__Recorded information__:
──────────

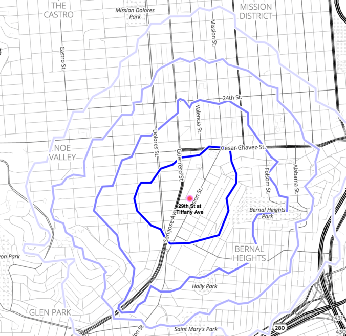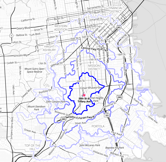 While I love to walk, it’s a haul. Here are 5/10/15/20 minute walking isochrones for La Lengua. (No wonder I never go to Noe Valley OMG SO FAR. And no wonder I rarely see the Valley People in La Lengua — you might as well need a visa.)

──────────

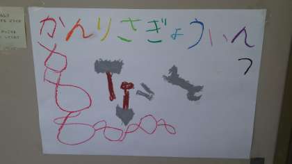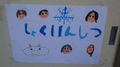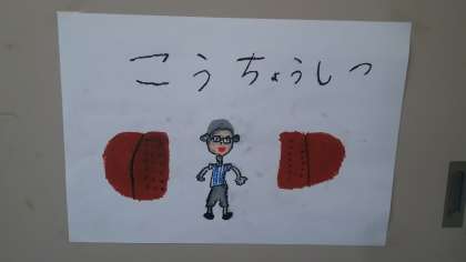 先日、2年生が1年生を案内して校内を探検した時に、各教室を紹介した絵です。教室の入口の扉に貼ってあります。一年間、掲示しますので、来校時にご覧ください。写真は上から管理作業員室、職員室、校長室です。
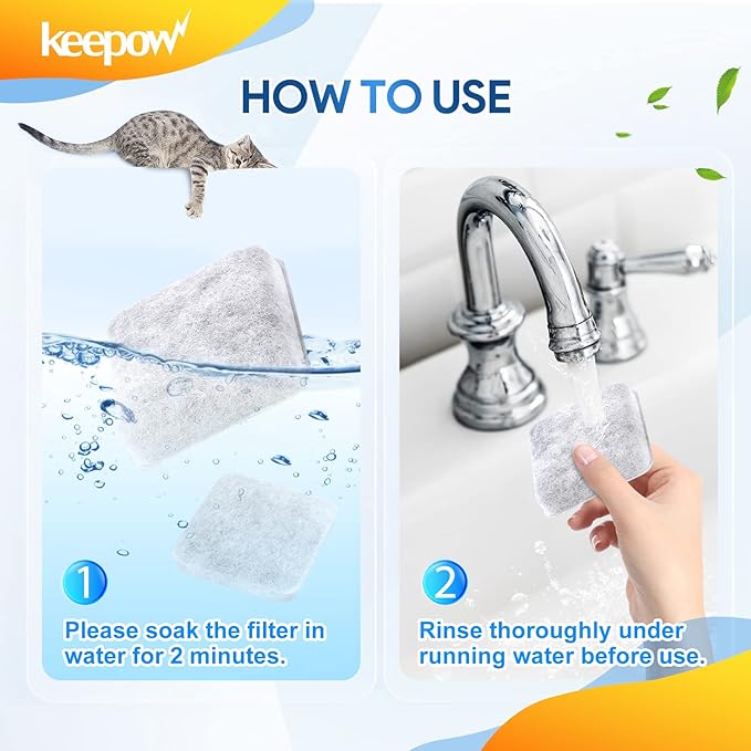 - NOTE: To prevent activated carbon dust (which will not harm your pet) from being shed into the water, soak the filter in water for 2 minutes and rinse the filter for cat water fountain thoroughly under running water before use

──────────

__Prompt__: Your reply is to be an exact repeat of the listing above from the line holding "先日、2年生が1年生を案内し" down to the line holding "- NOTE: To prevent", ends included, pictures excluded.

__Solution to this exercise__:
 先日、2年生が1年生を案内して校内を探検した時に、各教室を紹介した絵です。教室の入口の扉に貼ってあります。一年間、掲示しますので、来校時にご覧ください。写真は上から管理作業員室、職員室、校長室です。
 - NOTE: To prevent activated carbon dust (which will not harm your pet) from being shed into the water, soak the filter in water for 2 minutes and rinse the filter for cat water fountain thoroughly under running water before use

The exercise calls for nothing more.